### ASSIGNMENT:
An exact restatement is required. Cover only the lines of the records from the first through the line with "Close up of", and skip pictures.
----- EXERCISE DATA -----
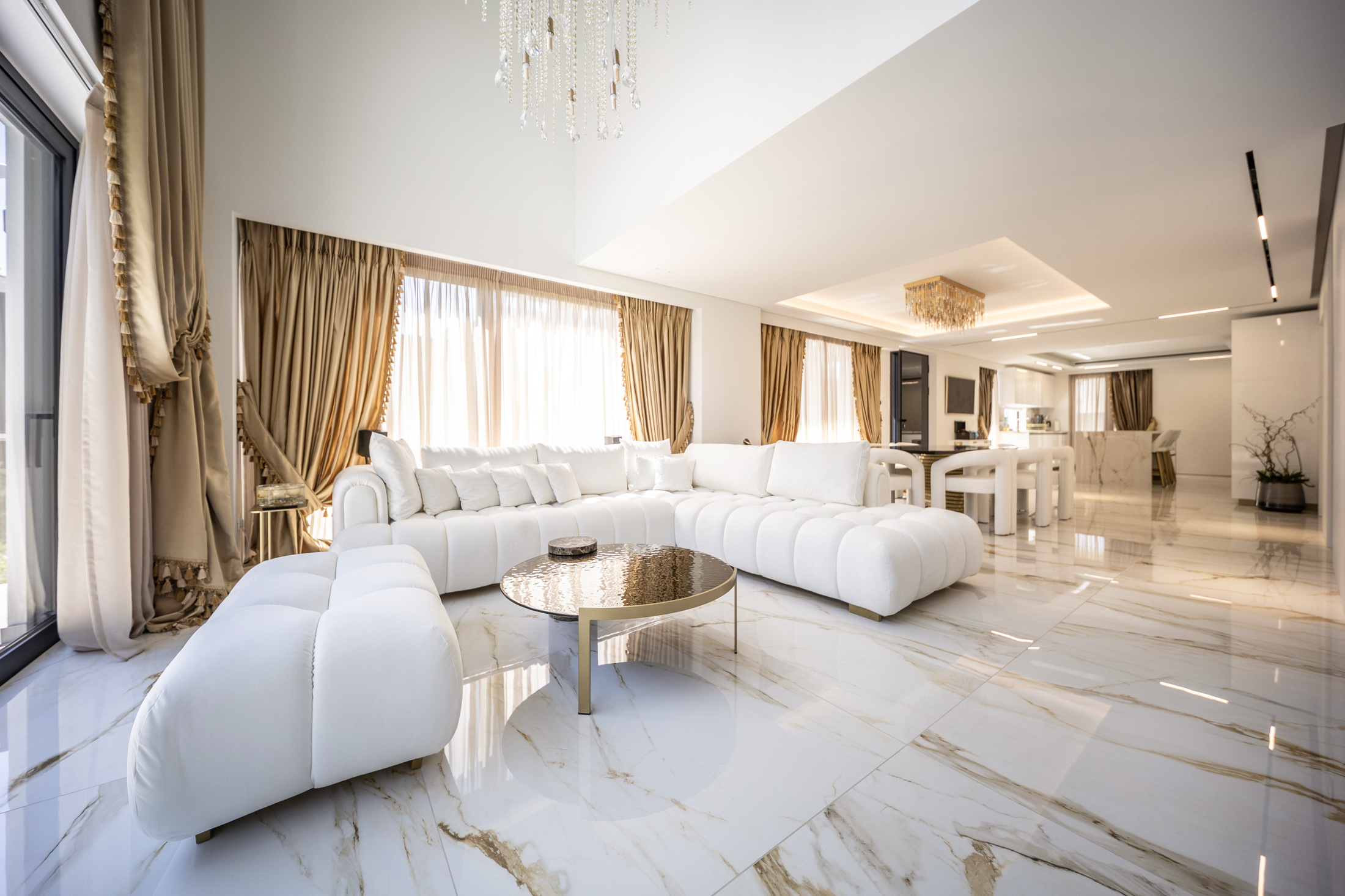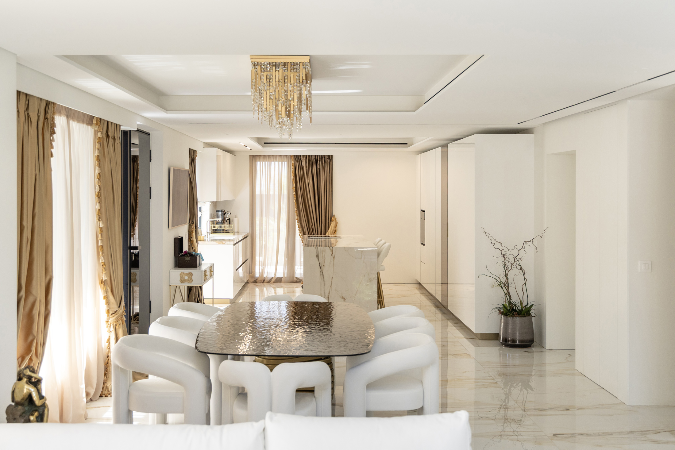 The property is located the last two floors of the building. With a total surface of 220 m2, the Penthouse consists of two levels, of 121m2 and 99 m2. Level 4 accommodates a living room, a large dining area, with a modern open style kitchen a WC, and 2 master bedrooms. Facing the Athenian Riviera, a big balcony offers amazing sea view. Level 5 includes a living room area, a secondary kitchen and the main master bedroom.
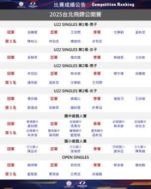 | [青少年賽事] 2025TW U22 TOUR 年度總排名/年度總決賽名單/賽程公告 | 2025-10-29 |
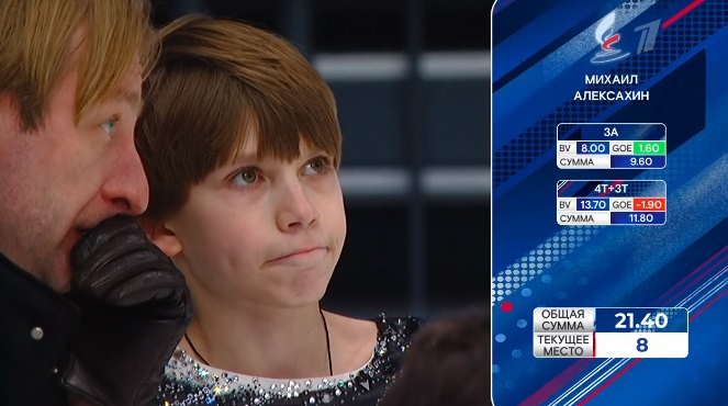 Юный Михаил Алексахин сразу делает тройной аксель! Но это не все: дальше неплохой каскад 4 тулуп + 3 тулуп. Правда со второго прыжка плоховато выехал. Упал при попытке перепрыгнуть ученик Плющенко.
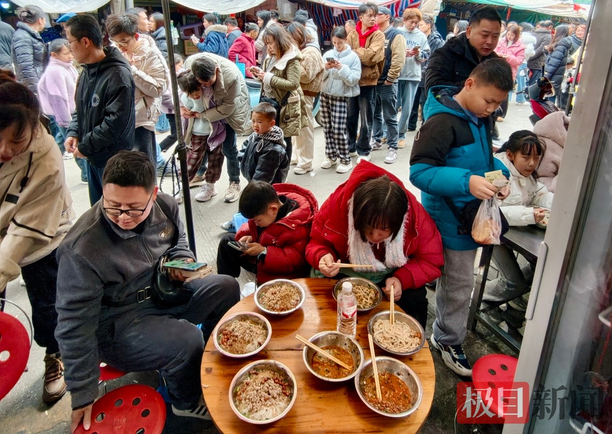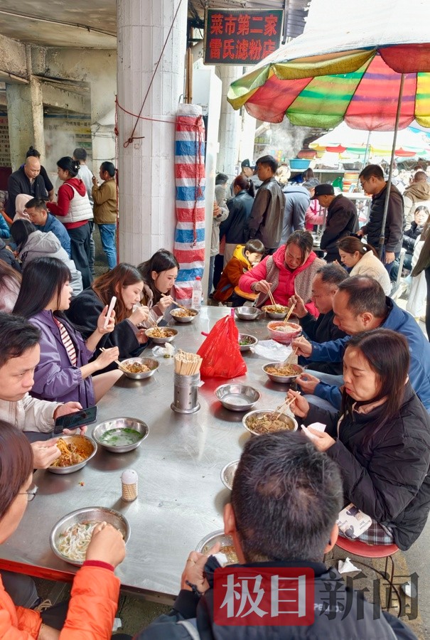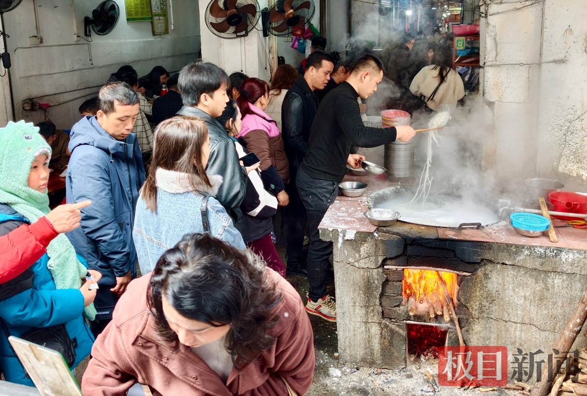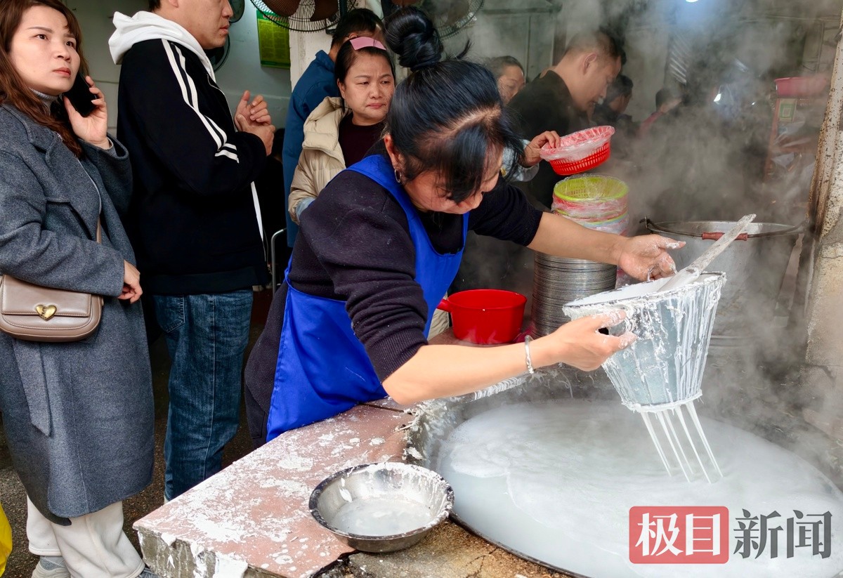 春节假期,各家滤粉店生意火爆,店门口队伍蜿蜒不断。队伍中,既有返乡过年的本地人,也有专程前来打卡的外地游客。来自湖南的聂先生第一次品尝滤粉,他说“跟湖南米粉相比各有特色,滤粉鲜香爽滑,让人印象深刻”。
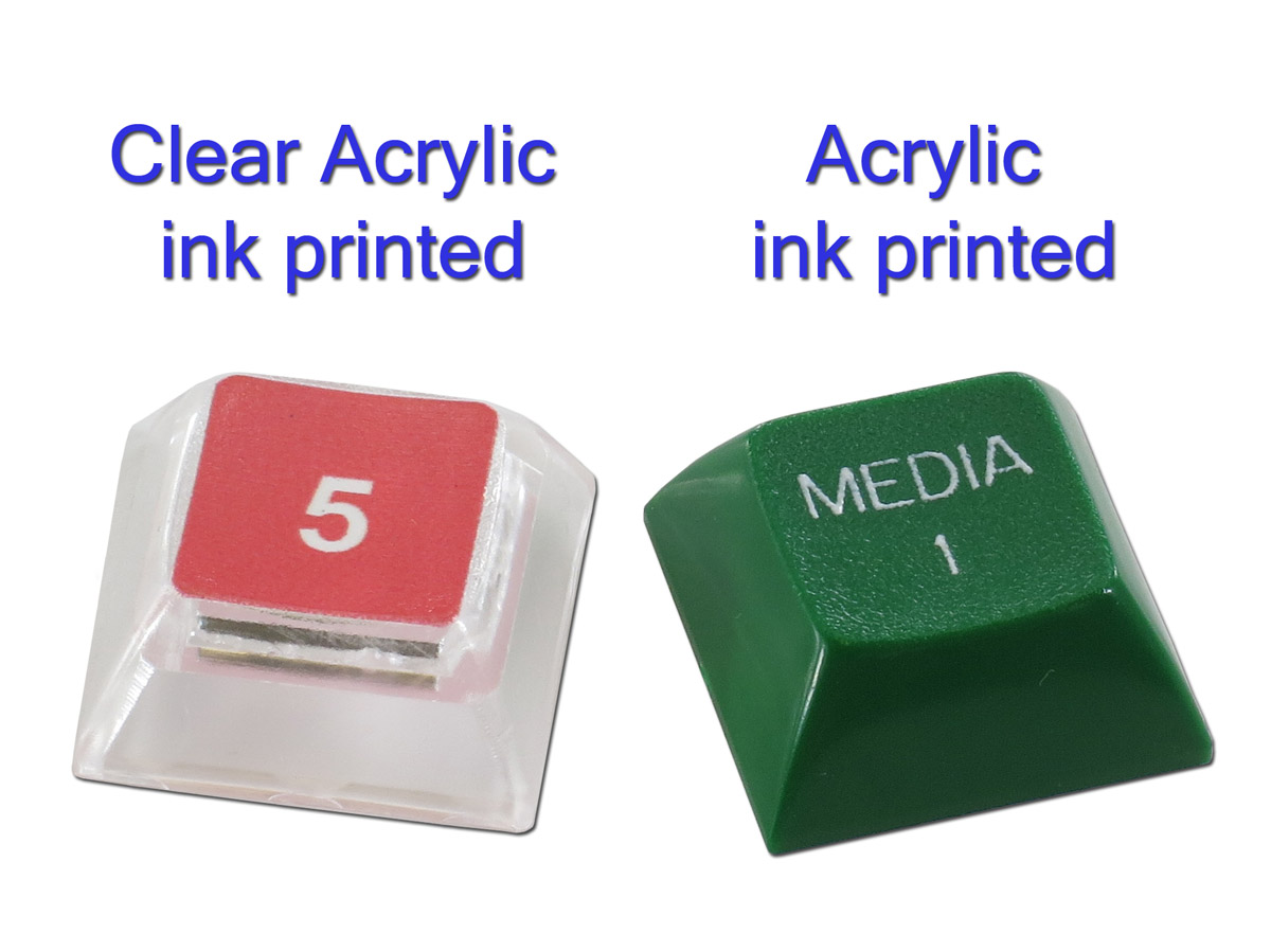 Our acrylic printed keys come in four sizes - single, wide, tall, and large 2x2. Unlimited keycaps background color options.
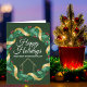 Cette belle carte de Noël d'agent immobilier est personnalisée avec le nom de votre société immobilière sous le nom de l'agent dans une typographie verte et rouge chic à l'intérieur d'une couronne de baies de houx festive avec une guirlande dorée entourant la verdure. Cartes de vacances contemporaines pour le marketing des agents cet hiver.
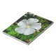Close up of a white Hibiscus flower with a fully developed pistil following rainfall
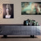 Barcode è una madia dal design fortemente grafico e contemporaneo, che prende il nome dal celebre codice a barre per reinterpretarlo in chiave stilistica e decorativa. Le sue superfici sono scandite da un ritmo visivo preciso e accattivante, creato da un alternarsi di elementi verticali in contrasto, che combinano specchio argento e laccatura nera nella versione più intensa, oppure specchio e laccatura bianca con dettagli neri per un look più delicato ma altrettanto incisivo.
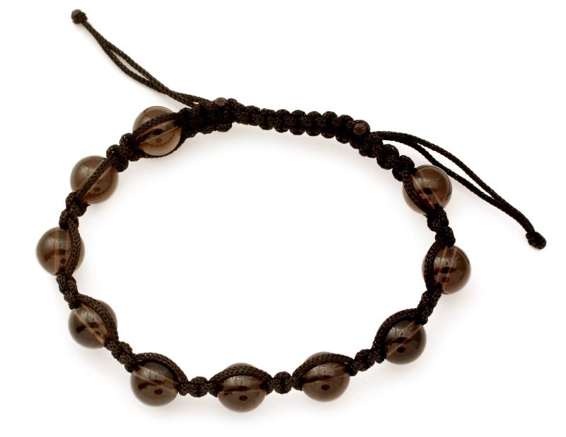 Knotted by hand, this adjustable macramé bracelet from Hema features ten beads of mysterious smoky quartz. This is a Shambhala-style bracelet, representing a mythical kingdom based on ancient prophesies. Shambhala-style represents tranquility, peace and happiness – the oneness of all. Thought to be connected to the universe, smoky quartz surrounds the wearer in an aura of beauty. The bracelet can be adjusted in length by sliding the knot along the cords.
-----
### ANSWER BOX:
 The property is located the last two floors of the building. With a total surface of 220 m2, the Penthouse consists of two levels, of 121m2 and 99 m2. Level 4 accommodates a living room, a large dining area, with a modern open style kitchen a WC, and 2 master bedrooms. Facing the Athenian Riviera, a big balcony offers amazing sea view. Level 5 includes a living room area, a secondary kitchen and the main master bedroom.
 | [青少年賽事] 2025TW U22 TOUR 年度總排名/年度總決賽名單/賽程公告 | 2025-10-29 |
 Юный Михаил Алексахин сразу делает тройной аксель! Но это не все: дальше неплохой каскад 4 тулуп + 3 тулуп. Правда со второго прыжка плоховато выехал. Упал при попытке перепрыгнуть ученик Плющенко.
 春节假期,各家滤粉店生意火爆,店门口队伍蜿蜒不断。队伍中,既有返乡过年的本地人,也有专程前来打卡的外地游客。来自湖南的聂先生第一次品尝滤粉,他说“跟湖南米粉相比各有特色,滤粉鲜香爽滑,让人印象深刻”。
 Our acrylic printed keys come in four sizes - single, wide, tall, and large 2x2. Unlimited keycaps background color options.
 Cette belle carte de Noël d'agent immobilier est personnalisée avec le nom de votre société immobilière sous le nom de l'agent dans une typographie verte et rouge chic à l'intérieur d'une couronne de baies de houx festive avec une guirlande dorée entourant la verdure. Cartes de vacances contemporaines pour le marketing des agents cet hiver.
Close up of a white Hibiscus flower with a fully developed pistil following rainfall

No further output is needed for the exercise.